[Start of Attachment]

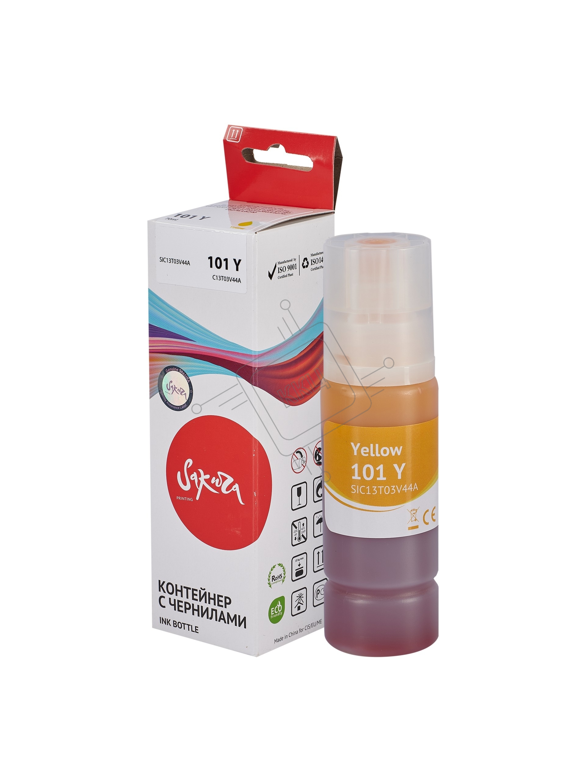 Контейнер с чернилами Sakura C13T03V44A (101 Y) для Epson, водорастворимый тип, желтый, 6000 к., 70 мл.
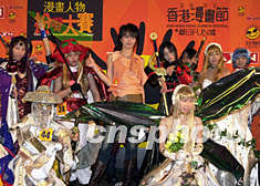 ![]() 歌星梁咏琪23日在香港出席第四届香港漫画节举办之《2002漫画人物扮(左口右野)大赛准决赛》出任嘉宾,赛后与部份入围决赛的参加者一起合照。邓庆乐 摄
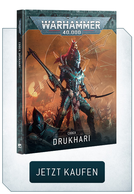 Dein erster Schritt ist der Codex: Drukhari, der unersetzliche Begleiter deiner Fraktion, in dem du jede Menge Hintergrundinformationen und eine Galerie umwerfend bemalter Miniaturen findest sowie die Regeln für 21 verschiedene Einheiten. Gemeinsam mit einer Ausgabe des Warhammer 40.000: Grundbuchs hast du alle Regeln, die du für Warhammer-40.000-Spiele in voller Größe benötigst.
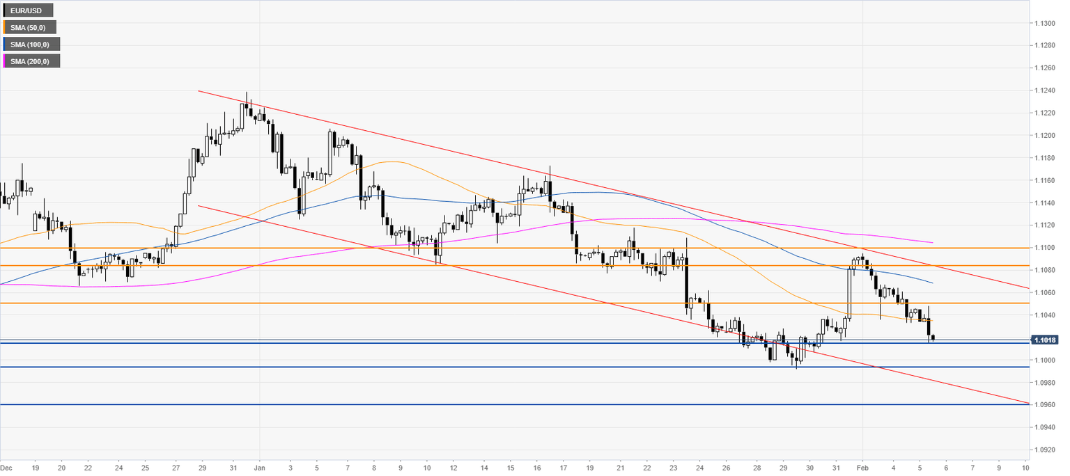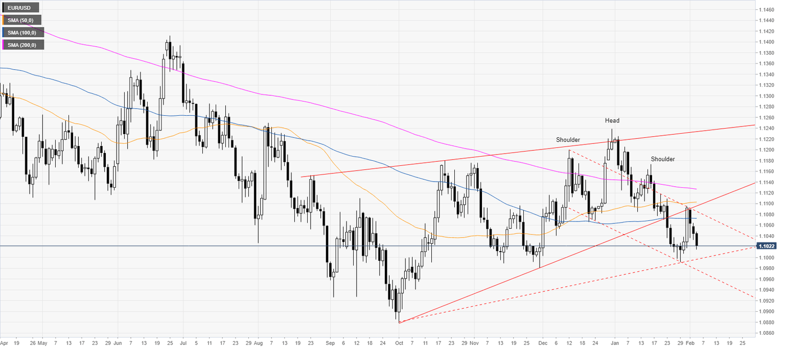 EUR/USD is trading in a bear channel below the main SMAs while challenging the 1.1016 support. As the euro remains on the backfoot, a break below the above-mentioned level is likely to lead to further weakness towards the 1.0993 and 1.0959 levels, according to the
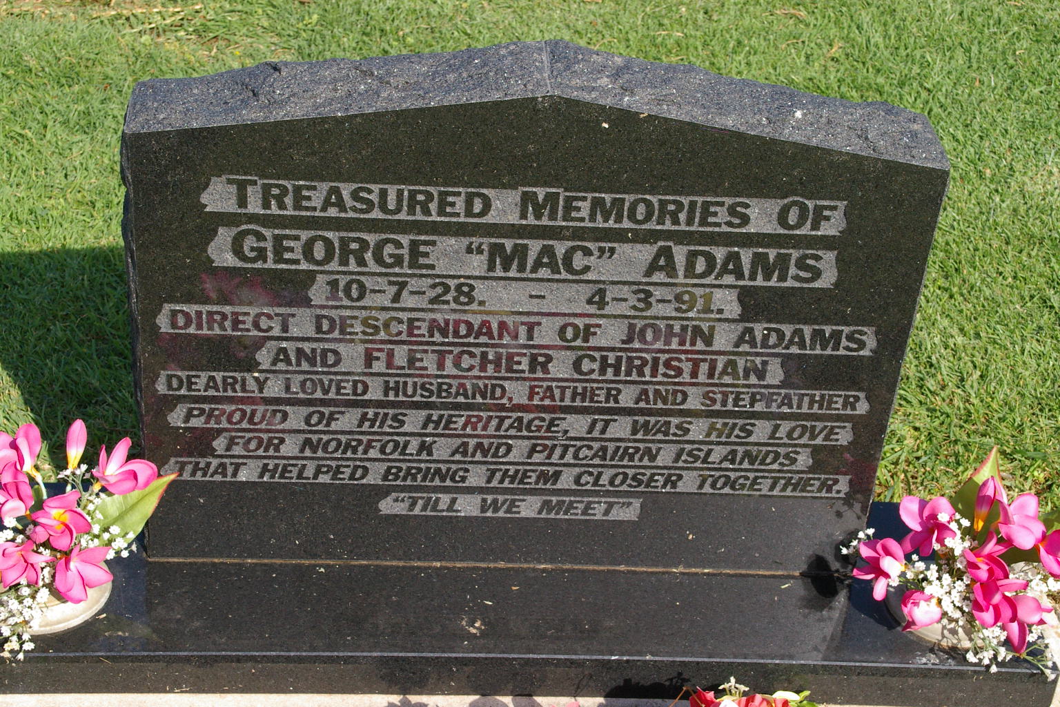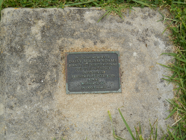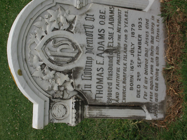 | ADAMS OBE | Thomas E | photo | 16/07/1879 | 2/09/1935 | Elsie J Adams | Pastor of the Methodist Church Norfold Island for 9 years | ||
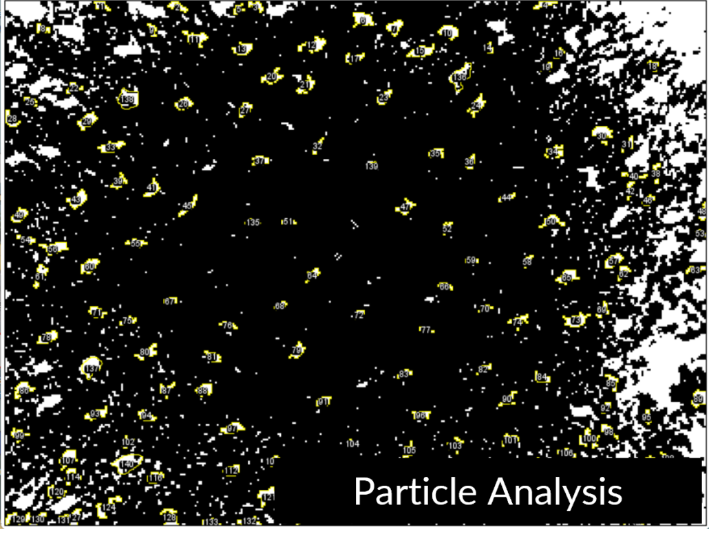 Le microscope ioLight produit une image numérique sur tout téléphone, tablette ou ordinateur portable connecté. Cette image est immédiatement disponible pour une analyse plus approfondie. Dans ce cas, le logiciel tiers gratuit imageJ a été utilisé pour compter les 140 stomates présents dans l'image. Actuellement, ce processus implique des étapes manuelles, telles que le seuillage de l'image pour mieux mettre en évidence les stomates et le réglage des mesures de circonférence et de circularité pour l'analyseur de particules. Néanmoins, cette méthode est plus rapide qu'un comptage manuel. L'utilisation de l'IA pour effectuer des comptages stomatiques et obtenir une meilleure compréhension de leur taille et de leur état permettrait d'améliorer encore le temps de traitement des images.
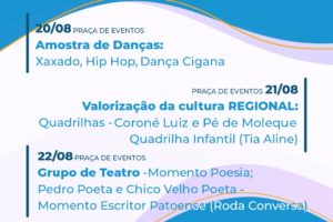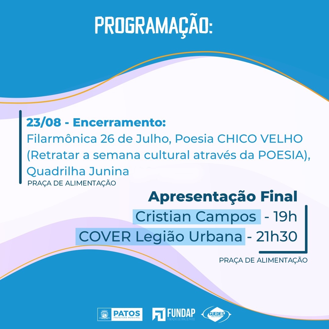 Encerramento: Filarmônica 26 de julho, Poesia Chico Velho (retratar a semana cultural através de poesia), quadrilha junina e apresentação final de Cristian Campos (às 19 horas) e Cover de Legião Urbana (às 21h30min).

[End of Attachment]

=== Your task ===
Could you transcribe the records above exactly, leaving out any pictures?

=== Output for this exercise ===
 Контейнер с чернилами Sakura C13T03V44A (101 Y) для Epson, водорастворимый тип, желтый, 6000 к., 70 мл.
 ![]() 歌星梁咏琪23日在香港出席第四届香港漫画节举办之《2002漫画人物扮(左口右野)大赛准决赛》出任嘉宾,赛后与部份入围决赛的参加者一起合照。邓庆乐 摄
 Dein erster Schritt ist der Codex: Drukhari, der unersetzliche Begleiter deiner Fraktion, in dem du jede Menge Hintergrundinformationen und eine Galerie umwerfend bemalter Miniaturen findest sowie die Regeln für 21 verschiedene Einheiten. Gemeinsam mit einer Ausgabe des Warhammer 40.000: Grundbuchs hast du alle Regeln, die du für Warhammer-40.000-Spiele in voller Größe benötigst.
 EUR/USD is trading in a bear channel below the main SMAs while challenging the 1.1016 support. As the euro remains on the backfoot, a break below the above-mentioned level is likely to lead to further weakness towards the 1.0993 and 1.0959 levels, according to the
 | ADAMS OBE | Thomas E | photo | 16/07/1879 | 2/09/1935 | Elsie J Adams | Pastor of the Methodist Church Norfold Island for 9 years | ||
 Le microscope ioLight produit une image numérique sur tout téléphone, tablette ou ordinateur portable connecté. Cette image est immédiatement disponible pour une analyse plus approfondie. Dans ce cas, le logiciel tiers gratuit imageJ a été utilisé pour compter les 140 stomates présents dans l'image. Actuellement, ce processus implique des étapes manuelles, telles que le seuillage de l'image pour mieux mettre en évidence les stomates et le réglage des mesures de circonférence et de circularité pour l'analyseur de particules. Néanmoins, cette méthode est plus rapide qu'un comptage manuel. L'utilisation de l'IA pour effectuer des comptages stomatiques et obtenir une meilleure compréhension de leur taille et de leur état permettrait d'améliorer encore le temps de traitement des images.
 Encerramento: Filarmônica 26 de julho, Poesia Chico Velho (retratar a semana cultural através de poesia), quadrilha junina e apresentação final de Cristian Campos (às 19 horas) e Cover de Legião Urbana (às 21h30min).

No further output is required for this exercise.